2013-06-10 4 views
-1

я три матрицы данных MatZ, MatX и MatY, где каждый столбец матрицы Z, Y, X соответствует набору наблюдений для одной и той же экспрессии зонда. Для каждого столбца i, я хочу, чтобы регрессировать Z против X и Y, т.е.Игнорирование числовые апертуры в множественной регрессии

lm(MatZ[,i]~MatX[,i]+MatY[,i]) 

обернув по всем i столбцов. Проблема в том, что некоторые столбцы MatX - все NA. Поэтому мне нужны аргументы в lm, который выполняет линейную регрессию MatZ[,i] только против MatY[,i], когда все элементы MatX[,i] являются NA (т.е. оставляя MatX[,i] из регрессии), при использовании как в линейной модели, когда существуют определенные наблюдения для X. В его нынешнем виде, я получаю сообщение об ошибке 0 (non-NA) cases in the lm call.

+2

Я обеспокоен тем, что вы, кажется, использует 'lm.fit' через формулы интерфейс, а также, что вы, кажется, не знают о' na.action' аргумент 'lm'. Вы можете немного объяснить? – joran

+0

na.action = na.omit решает проблему, пока некоторые элементы в столбце не являются na. Если весь столбец состоит из na, то появляется сообщение об ошибке, указанное выше.

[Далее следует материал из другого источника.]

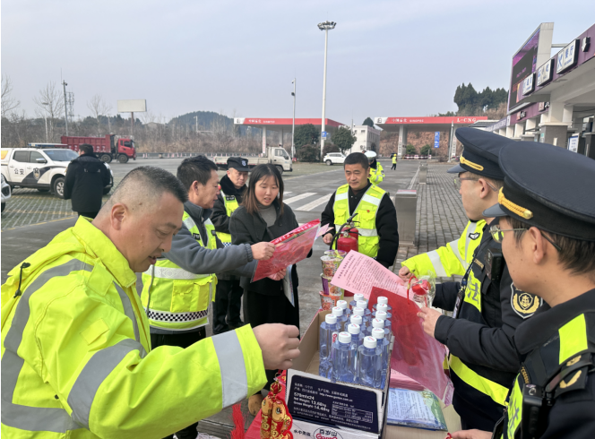 春運(yùn)大幕正式開(kāi)啟!為切實(shí)做好2025年春運(yùn)高速公路運(yùn)營(yíng)安全管理工作,精準(zhǔn)開(kāi)展宣傳引導(dǎo)提示服務(wù),針對(duì)今年春運(yùn)期間全社會(huì)跨區(qū)域人員流動(dòng)量有望創(chuàng)歷史新高的形勢(shì),高開(kāi)司及早研判部署春運(yùn)安全工作,1月14日上午,高開(kāi)司聯(lián)勤省高速公安二分局六大隊(duì)、省交通執(zhí)法十五大隊(duì)等協(xié)作單位開(kāi)展春運(yùn)道路交通“平安春運(yùn)·便捷春運(yùn)·溫馨春運(yùn)”主題宣傳活動(dòng)。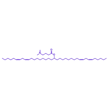 DLin-KC2-DMA 是生物医化合物领域中一种具有重要应用价值的 可电离脂质,在脂质纳米粒(LNP)递送系统中发挥关键作用,尤其在 mRNA vaccine和核酸化合物递送方面表现突出,为基因和vaccine开发提供重要技术支持。 其核心特性体现在pH响应性电离行为:在生理pH条件下呈中性,有利于脂质纳米粒的稳定形成;在酸性环境中则发生质子化而带正电荷,能够与带负电荷的核酸高效结合,实现对核酸的包裹与递送。化学结构上,该脂质包含不饱和烃链和可电离的氨基基团,这一分子设计赋予其良好的生物相容性和膜融合能力。 在脂质纳米粒配方中,DLin-KC2-DMA 通过优化递送系统的理化性质,有助于提高核酸化合物的稳定性、靶向性和细胞内摄取效率,从而增强基因递送和vaccine的生物利用度。

В принципе, мне нужно lm, чтобы игнорировать одну из предикторных переменных целиком в этом случае. – user1815498

+2

Хорошо, но это не объясняет, почему вы пытаетесь использовать 'lm.fit' через формулу, когда она не поддерживает формулы. Или почему вы вообще используете 'lm.fit'. – joran

ответ

0
MatZ <- matrix(rnorm(1000),nrow=100) 
MatX <- matrix(rnorm(1000),nrow=100) 
MatY <- matrix(rnorm(1000),nrow=100) 

MatX[,2] <- NA 
MatY[,4] <- NA 

condlm <- function(i){ 
    if(sum(is.na(MatX[,i]))==dim(MatZ)[1]) 
     lm <- lm(MatZ[,i]~MatY[,i]) 
    else if(sum(is.na(MatY[,i]))==dim(MatZ)[1]) 
     lm <- lm(MatZ[,i]~MatX[,i]) 
    else 
     lm <- lm(MatZ[,i]~MatX[,i]+MatY[,i]) 
} 

lms <- lapply(1:dim(MatZ)[2], condlm) 
lms 
+0

Спасибо. Я надеялся, что в функции lm будет некоторый аргумент, который автоматически пропускает отсутствующие переменные, поэтому я мог бы избежать этого через if-else. – user1815498

+0

Я не уверен, почему это существовало бы. Он должен удалять переменные из-за colinearity, поэтому вы можете предварительно обработать свои данные, заменив все, что есть столбец 'NA', с столбцом '' '' '' '' '' '' '' '' '' '' '' '' '' '' '' '' '' '' '' '' '' '' '' '' '' '' '' '' '' '' '' '' 's' код. – Thomas

0

Это ненадежное альтернативное решение через mapply в качестве запуска (работает, если 1 из матриц является неполным). Я тоже думаю, что нет никакого вреда, если() иначе.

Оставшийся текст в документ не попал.